Items listed in a dataset
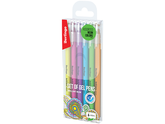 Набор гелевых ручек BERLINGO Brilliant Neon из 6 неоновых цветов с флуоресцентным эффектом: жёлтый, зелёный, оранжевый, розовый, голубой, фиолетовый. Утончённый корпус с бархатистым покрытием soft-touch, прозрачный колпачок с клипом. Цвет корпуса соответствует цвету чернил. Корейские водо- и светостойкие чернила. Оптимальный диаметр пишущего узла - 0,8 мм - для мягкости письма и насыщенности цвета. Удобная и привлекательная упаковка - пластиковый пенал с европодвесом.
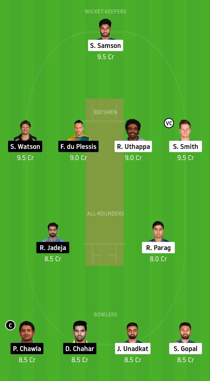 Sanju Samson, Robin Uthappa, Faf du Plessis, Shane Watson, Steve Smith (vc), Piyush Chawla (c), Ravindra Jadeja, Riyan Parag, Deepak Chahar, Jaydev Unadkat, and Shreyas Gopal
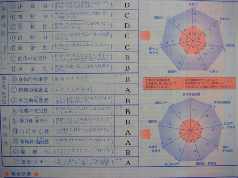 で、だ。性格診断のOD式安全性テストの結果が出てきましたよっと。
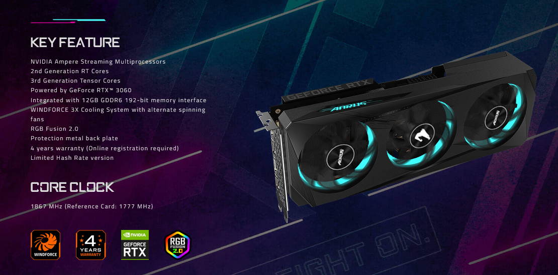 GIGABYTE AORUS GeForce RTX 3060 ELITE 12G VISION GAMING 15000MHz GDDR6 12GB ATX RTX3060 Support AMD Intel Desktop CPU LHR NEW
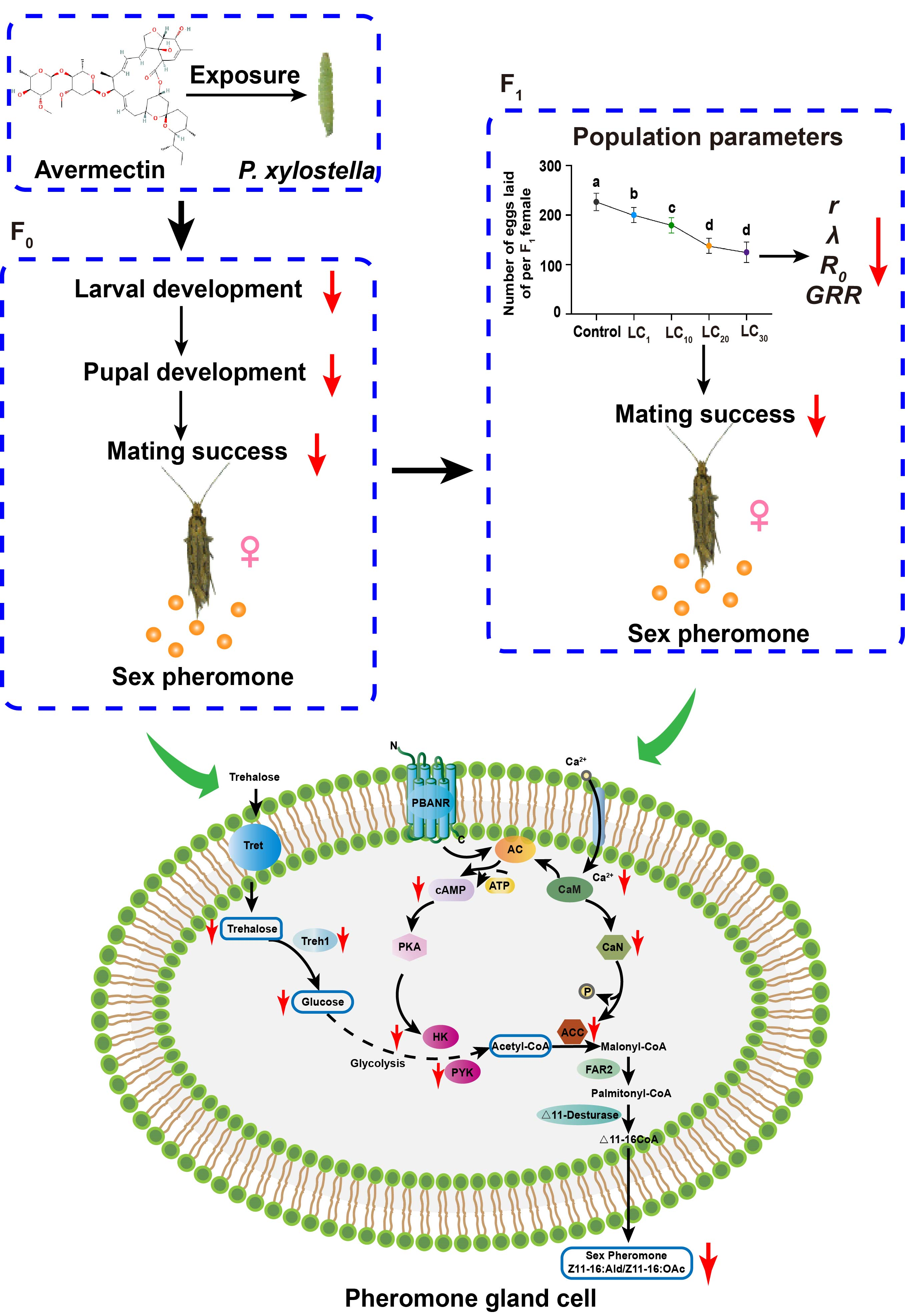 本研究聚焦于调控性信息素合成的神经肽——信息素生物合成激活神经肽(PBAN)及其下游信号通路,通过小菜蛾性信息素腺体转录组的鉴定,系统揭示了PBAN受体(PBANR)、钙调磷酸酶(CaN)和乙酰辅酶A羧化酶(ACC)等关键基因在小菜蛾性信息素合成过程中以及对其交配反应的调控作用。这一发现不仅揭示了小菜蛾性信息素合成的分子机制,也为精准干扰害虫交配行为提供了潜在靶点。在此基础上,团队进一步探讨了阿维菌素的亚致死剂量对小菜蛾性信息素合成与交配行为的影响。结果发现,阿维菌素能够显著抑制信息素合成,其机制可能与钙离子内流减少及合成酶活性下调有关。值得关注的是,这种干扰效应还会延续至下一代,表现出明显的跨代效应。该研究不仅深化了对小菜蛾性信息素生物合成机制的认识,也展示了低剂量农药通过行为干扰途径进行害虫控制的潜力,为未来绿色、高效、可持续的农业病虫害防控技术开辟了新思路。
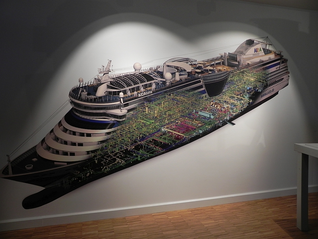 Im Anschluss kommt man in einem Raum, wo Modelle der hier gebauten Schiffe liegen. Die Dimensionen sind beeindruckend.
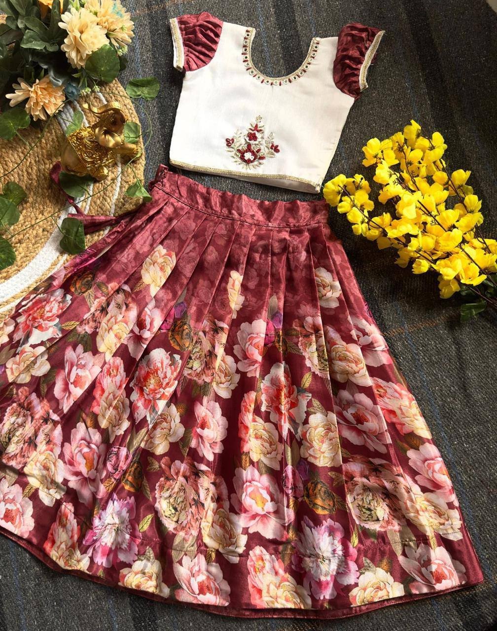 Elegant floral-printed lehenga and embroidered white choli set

▶ _EXERCISE PROMPT_: What is needed is an exact printout of every record above, with the pictures left out.

▶ _OUTPUT OF THE TASK_:
 Набор гелевых ручек BERLINGO Brilliant Neon из 6 неоновых цветов с флуоресцентным эффектом: жёлтый, зелёный, оранжевый, розовый, голубой, фиолетовый. Утончённый корпус с бархатистым покрытием soft-touch, прозрачный колпачок с клипом. Цвет корпуса соответствует цвету чернил. Корейские водо- и светостойкие чернила. Оптимальный диаметр пишущего узла - 0,8 мм - для мягкости письма и насыщенности цвета. Удобная и привлекательная упаковка - пластиковый пенал с европодвесом.
 Sanju Samson, Robin Uthappa, Faf du Plessis, Shane Watson, Steve Smith (vc), Piyush Chawla (c), Ravindra Jadeja, Riyan Parag, Deepak Chahar, Jaydev Unadkat, and Shreyas Gopal
 で、だ。性格診断のOD式安全性テストの結果が出てきましたよっと。
 GIGABYTE AORUS GeForce RTX 3060 ELITE 12G VISION GAMING 15000MHz GDDR6 12GB ATX RTX3060 Support AMD Intel Desktop CPU LHR NEW
 本研究聚焦于调控性信息素合成的神经肽——信息素生物合成激活神经肽(PBAN)及其下游信号通路,通过小菜蛾性信息素腺体转录组的鉴定,系统揭示了PBAN受体(PBANR)、钙调磷酸酶(CaN)和乙酰辅酶A羧化酶(ACC)等关键基因在小菜蛾性信息素合成过程中以及对其交配反应的调控作用。这一发现不仅揭示了小菜蛾性信息素合成的分子机制,也为精准干扰害虫交配行为提供了潜在靶点。在此基础上,团队进一步探讨了阿维菌素的亚致死剂量对小菜蛾性信息素合成与交配行为的影响。结果发现,阿维菌素能够显著抑制信息素合成,其机制可能与钙离子内流减少及合成酶活性下调有关。值得关注的是,这种干扰效应还会延续至下一代,表现出明显的跨代效应。该研究不仅深化了对小菜蛾性信息素生物合成机制的认识,也展示了低剂量农药通过行为干扰途径进行害虫控制的潜力,为未来绿色、高效、可持续的农业病虫害防控技术开辟了新思路。
 Im Anschluss kommt man in einem Raum, wo Modelle der hier gebauten Schiffe liegen. Die Dimensionen sind beeindruckend.
 Elegant floral-printed lehenga and embroidered white choli set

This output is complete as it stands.